If controller 220 detects that this threshold is exceeded,
controller 220 outputs a switch control signal to switch 270. The
switch control signal can oscillate at a given frequency, thereby
alternating switch 270 on and off at the given frequency. This
switching, in turn, opens and closes the circuit of switch 270,
resistor 260, and cell 290. As a result, the voltage across cell
290 exhibits a "duty cycle" corresponding to the given frequency,
and this duty cycle is detected by a BMS (e.g., BMS 120 in FIG. 1)
to indicate a temperature fault.

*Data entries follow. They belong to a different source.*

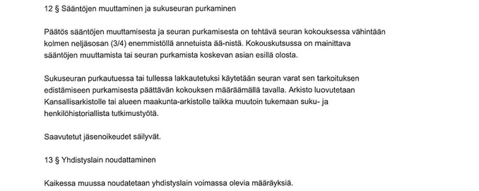 Tarkoituksen toteuttamiseksi sukuseura mahdollisuuksiensa mukaan
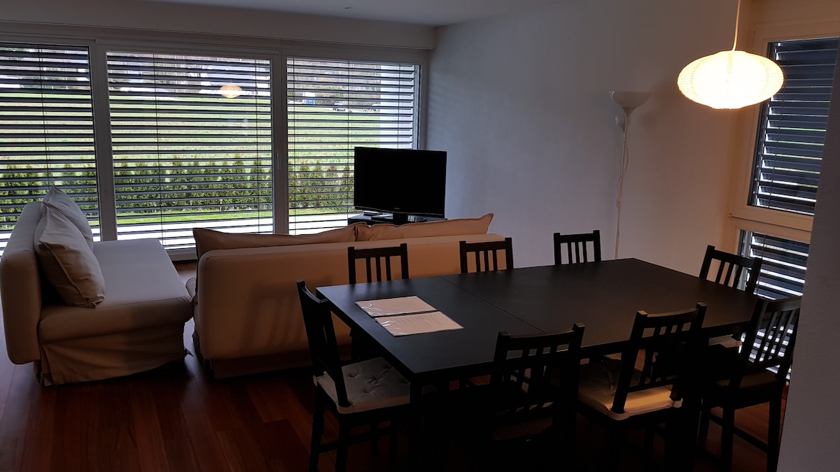 Preciosa vista orientada al sud dels camps i la ciutat. 150 metres quadrats. Cuina moderna. Ampli aparcament. A 100 metres de l'estació de tren amb 2 trens directes a Zuric cada hora. Els 4 dormitoris són de diferents mides: un dormitori gran, 2 de mitjans i 1 petit. Cada dormitori té 2 llits individuals i la sala d'estar té 2 sofàs llit. Es poden allotjar 2 persones més en matalassos de terra (col·locats a la sala d'estar o a l'habitació gran). En alguns dels dormitoris, els llits es poden ajuntar si es desitja.
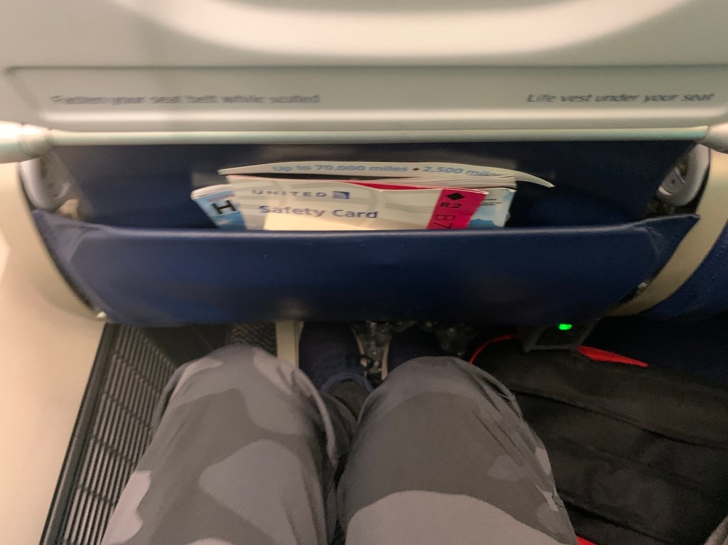 Boarding started on time around 8:30 PM. After people needing assistance and those with elite status and sitting in premium classes, United seems to board its planes back to front, which worked out pretty nicely when it came to aisle congestion. The plane was completely full (with many people being rebooked to this flight from the cancelled Mumbai route; more on that below), meaning the agents were gate checking luggage for free.
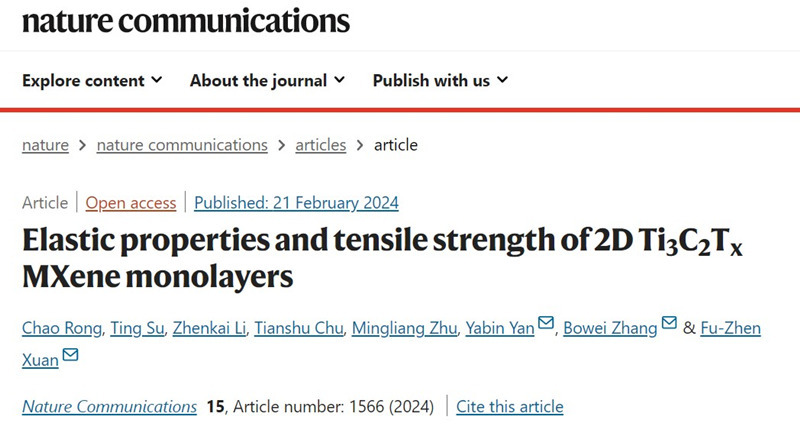 近日,公司太阳成集团tyc151cc张博威等在Nature Communications 上发表了题为 “Elastic properties and tensile strength of 2D Ti3C2Tx MXene monolayers” 的研究论文,在线报道了该课题组在Ti3C2Tx基柔性传感材料结构强度领域的研究进展,提出一种可靠、直接、定量的方法来测量单层Ti3C2Tx纳米片的力学性能。

Summarizing, detector 250 detects
a temperature via sensor 215, determines via controller 220 whether
this temperature is an over-temperature (exceeding a threshold)
and, if so, communicates this information by alternately switching
on a load (via switch 270 and resistor 260) across the terminals of
battery cell 290, causing the voltage across cell 290 to exhibit a
duty cycle that is detected by a BMS.
[0029] FIG. 3 is a block diagram of battery system 300 implementing
plurality of detectors 350a-c in one embodiment of the invention.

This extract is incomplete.